> _Work instruction_: Nothing but the pictures is dropped; write out all the remaining data below exactly.
[[ Dataset excerpt open ]]
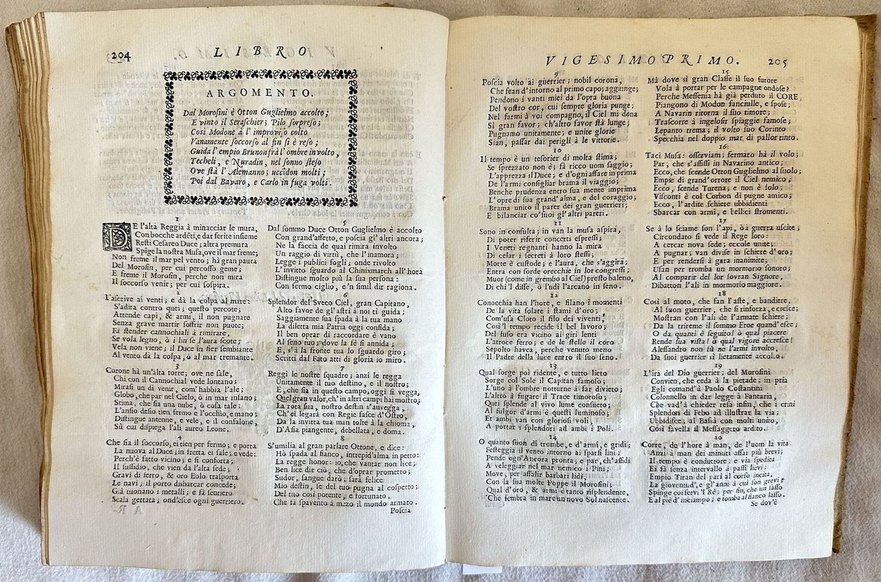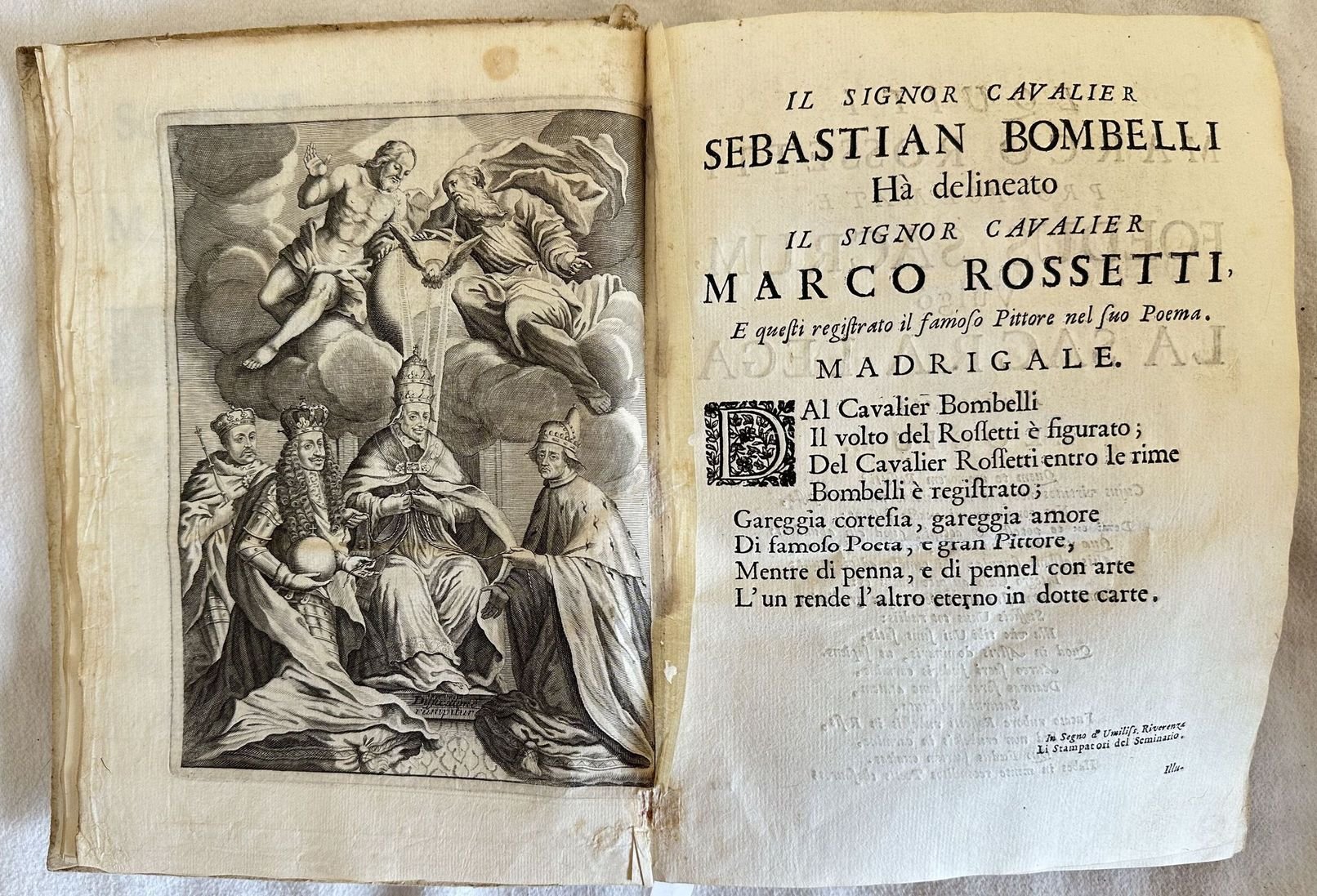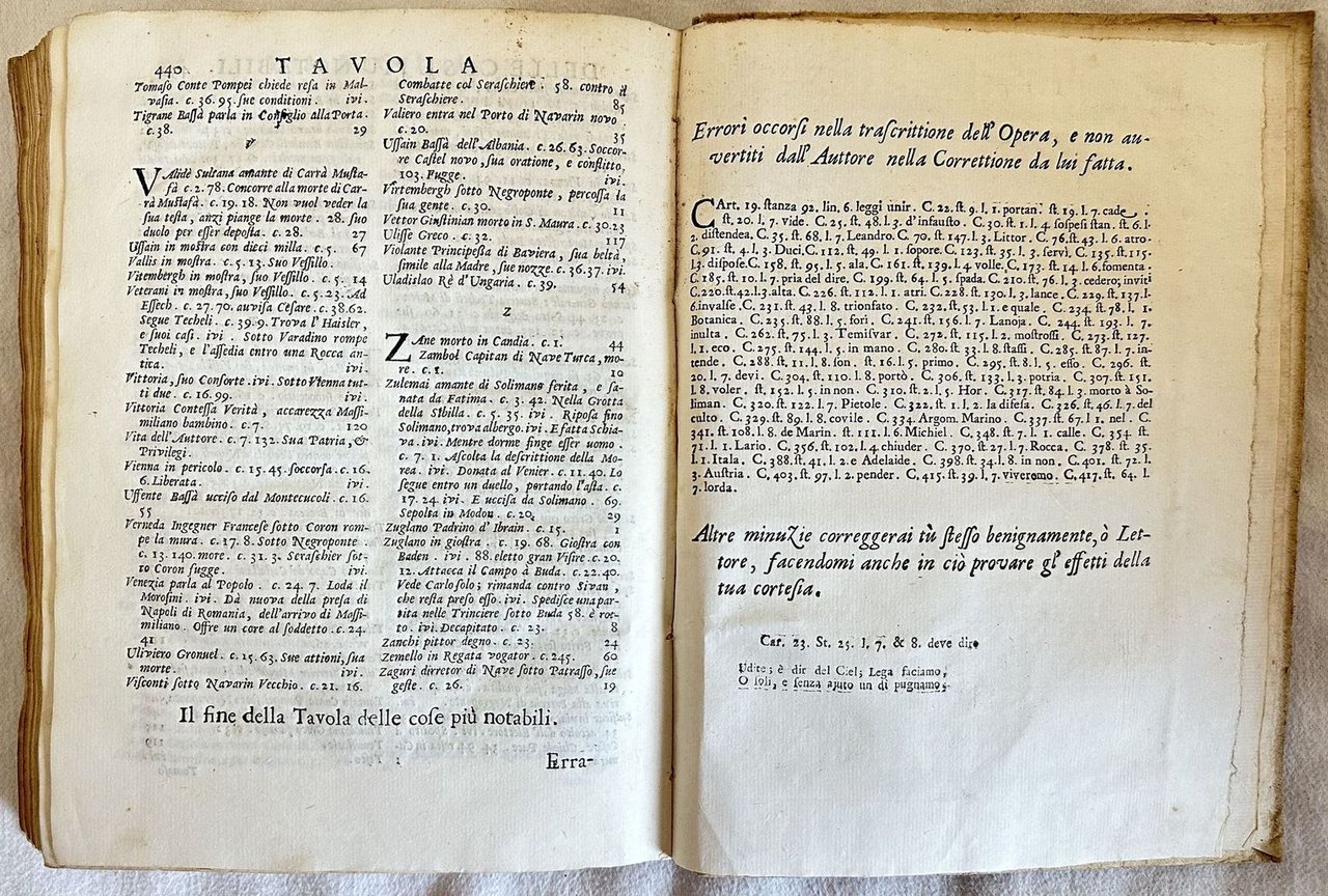 Prima edizione del 1696 di questo poema scritto da Marco Rossetti (sec. 17).<BR><BR>"Soggetto del poema è un grande avvenimento contemporaneo, la guerra combattuta dall'Austria contro il Turco, guerra di cui l'episodio più noto ? fu la difesa di Venezia sostenuta da Carlo di Lorena e da Giovanni Sobieski. Nel suo poema, ch'è dedicato alla Repubblica di Venezia, il Rossetti ebbe cura di far risaltare la parte notevolissima che in quella guerra ebbero i Veneziani ?". Cicogna, 1954.<BR><BR>Ritratto dell'autore e antiporta figurata.<BR><BR>Ode a Marco Rossetti per il suo poema a cura di Lorenzo Sabionara, Giacomo Bolzanini, Sebastian Bombelli ecc.<BR><BR>In buone condizioni e completo.<BR><BR>Copertina cartonata con titolo manoscritto al dorso in buone condizioni con lievi usure marginali. Legatura in discrete condizioni con rotture. Pagine in ottime condizioni generali con rare fioriture. Segni di tarlo al margine di piegatura delle prime quattro carte. In 8. Dim. 23,5x15,5 cm. Pp. (22)+440+(1). Peso Kg. 0,670.First edition of 1696 of this poem written by Marco Rossetti (sec. 17).<BR><BR>"Soggetto del poema è un grande avvenimento contemporaneo, la guerra combattuta dall'Austria contro il Turco, guerra di cui l'episodio più noto ? fu la difesa di Venezia sostenuta da Carlo di Lorena e da Giovanni Sobieski. Nel suo poema, ch'è dedicato alla Repubblica di Venezia, il Rossetti ebbe cura di far risaltare la parte notevolissima che in quella guerra ebbero i Veneziani ?". Cicogna, 1954.<BR><BR>Portrait of the author and figurated frontspice.<BR><BR>Ode to Marco Rossetti for his poem to Lorenzo Sabionara, Giacomo Bolzanini, Sebastian Bombelli ecc.<BR><BR>In good conditions and complete. <BR><BR> <BR><BR>Carton cover with handwritten title in the spine in good conditions lightly worn in the extremities. Binding in fair conditions with cracks. Pages in very good conditions with occasional foxing. Worming in the folding edge of the first 4 pages. In 8. Dim. 23,5x15,5 cm. Pp. (22)+440+(1). Peso Kg. 0,670.
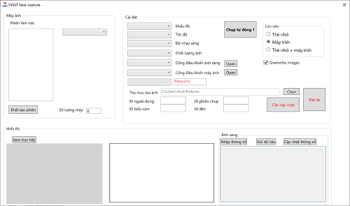 VKIST face capture còn tích hợp khả năng kiểm soát cường độ sáng của hệ thống đèn chiếu bằng cách truyền dữ liệu từ các tệp cấu hình tới mạch điều khiển ánh sáng. Nhờ đó, môi trường ánh sáng trong quá trình chụp được kiểm soát chính xác, đảm bảo chất lượng ảnh đồng đều là yếu tố then chốt trong các ứng dụng AI.
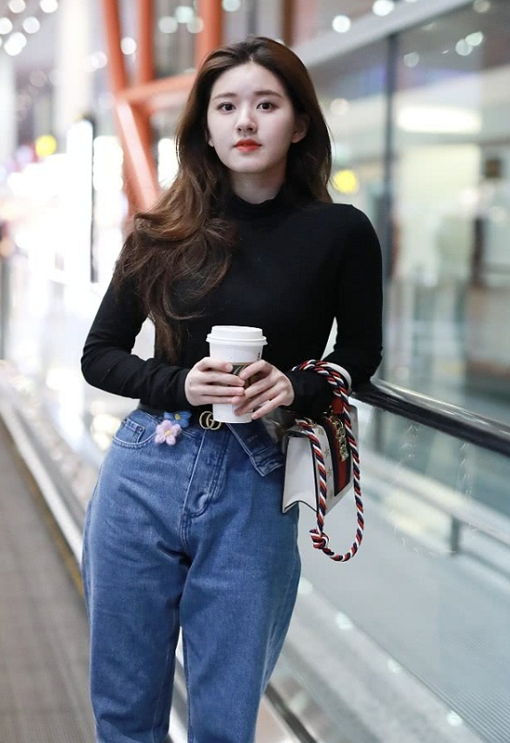 赵露思新拍大片,牛仔裤穿的无影无踪,谁敢说她腿粗_时尚_造型_黑色
[[ Dataset excerpt closed ]]
> _Exercise answer_:
 Prima edizione del 1696 di questo poema scritto da Marco Rossetti (sec. 17).<BR><BR>"Soggetto del poema è un grande avvenimento contemporaneo, la guerra combattuta dall'Austria contro il Turco, guerra di cui l'episodio più noto ? fu la difesa di Venezia sostenuta da Carlo di Lorena e da Giovanni Sobieski. Nel suo poema, ch'è dedicato alla Repubblica di Venezia, il Rossetti ebbe cura di far risaltare la parte notevolissima che in quella guerra ebbero i Veneziani ?". Cicogna, 1954.<BR><BR>Ritratto dell'autore e antiporta figurata.<BR><BR>Ode a Marco Rossetti per il suo poema a cura di Lorenzo Sabionara, Giacomo Bolzanini, Sebastian Bombelli ecc.<BR><BR>In buone condizioni e completo.<BR><BR>Copertina cartonata con titolo manoscritto al dorso in buone condizioni con lievi usure marginali. Legatura in discrete condizioni con rotture. Pagine in ottime condizioni generali con rare fioriture. Segni di tarlo al margine di piegatura delle prime quattro carte. In 8. Dim. 23,5x15,5 cm. Pp. (22)+440+(1). Peso Kg. 0,670.First edition of 1696 of this poem written by Marco Rossetti (sec. 17).<BR><BR>"Soggetto del poema è un grande avvenimento contemporaneo, la guerra combattuta dall'Austria contro il Turco, guerra di cui l'episodio più noto ? fu la difesa di Venezia sostenuta da Carlo di Lorena e da Giovanni Sobieski. Nel suo poema, ch'è dedicato alla Repubblica di Venezia, il Rossetti ebbe cura di far risaltare la parte notevolissima che in quella guerra ebbero i Veneziani ?". Cicogna, 1954.<BR><BR>Portrait of the author and figurated frontspice.<BR><BR>Ode to Marco Rossetti for his poem to Lorenzo Sabionara, Giacomo Bolzanini, Sebastian Bombelli ecc.<BR><BR>In good conditions and complete. <BR><BR> <BR><BR>Carton cover with handwritten title in the spine in good conditions lightly worn in the extremities. Binding in fair conditions with cracks. Pages in very good conditions with occasional foxing. Worming in the folding edge of the first 4 pages. In 8. Dim. 23,5x15,5 cm. Pp. (22)+440+(1). Peso Kg. 0,670.
 VKIST face capture còn tích hợp khả năng kiểm soát cường độ sáng của hệ thống đèn chiếu bằng cách truyền dữ liệu từ các tệp cấu hình tới mạch điều khiển ánh sáng. Nhờ đó, môi trường ánh sáng trong quá trình chụp được kiểm soát chính xác, đảm bảo chất lượng ảnh đồng đều là yếu tố then chốt trong các ứng dụng AI.
 赵露思新拍大片,牛仔裤穿的无影无踪,谁敢说她腿粗_时尚_造型_黑色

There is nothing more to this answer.